South America’s biggest political surprise recently has come from one of its smallest countries, Ecuador, where President Lenin Moreno has maneuvered to break with his predecessor and a legacy tinged with authoritarianism and corruption.
Narrowly elected in April, Moreno had been vice president and the anointed successor of Rafael Correa, the populist, left-leaning, U.S.-trained economist who governed for a decade and centralized control over government, the economy and the media. Analysts speculated Moreno could be a timid caretaker put in place to allow Correa to skirt term limits and then sweep back into office in 2021—in the mold of Dmitry Medvedev, who served as Russia’s president for a four-year period that was only a nominal pause in Vladimir Putin’s continued hold on power. Some even intimated that he was potentially a fall guy, propped up to either lose a difficult election or to govern through a period of economic downturn while Correa left the spotlight and went to live in Belgium.

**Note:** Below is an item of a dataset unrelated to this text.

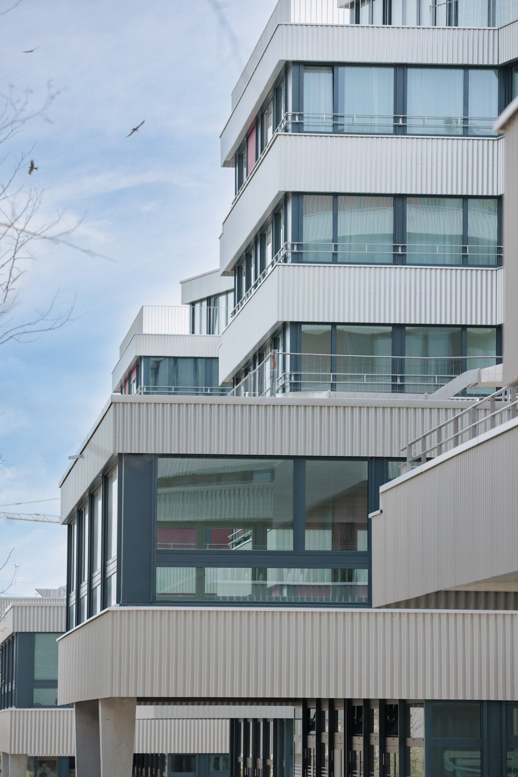 L’ensemble permet une densification tout en privilégiant un aménagement paysager qualitatif et généreux entre les immeubles. Il favorise une vie sociale riche grâce à la création d’un nouvel axe de mobilité douce et la présence de surfaces commerciales. L’intégration réussie avec la zone naturelle située à proximité assurera par ailleurs aux habitants des Lisières un cadre verdoyant.

Instead, Moreno departed from the script. A quieter, more conciliatory figure than Correa—Moreno is the world’s only head of state in a wheelchair, having been paralyzed in a 1998 robbery attempt—his political maneuvering has been swift and decisive. He quickly turned on Correa, seeking to distance himself from perceived rampant corruption and an economic crisis. With a gentle tone, he has built new bridges with the opposition, the private sector and the press—all without alienating his base of working-class voters who benefited from Correa’s self-proclaimed “Citizens’ Revolution.” And with a high stakes referendum over term limits set for Feb. 4, Moreno has boldly moved to consolidate his gains and lock Correa out of office forever.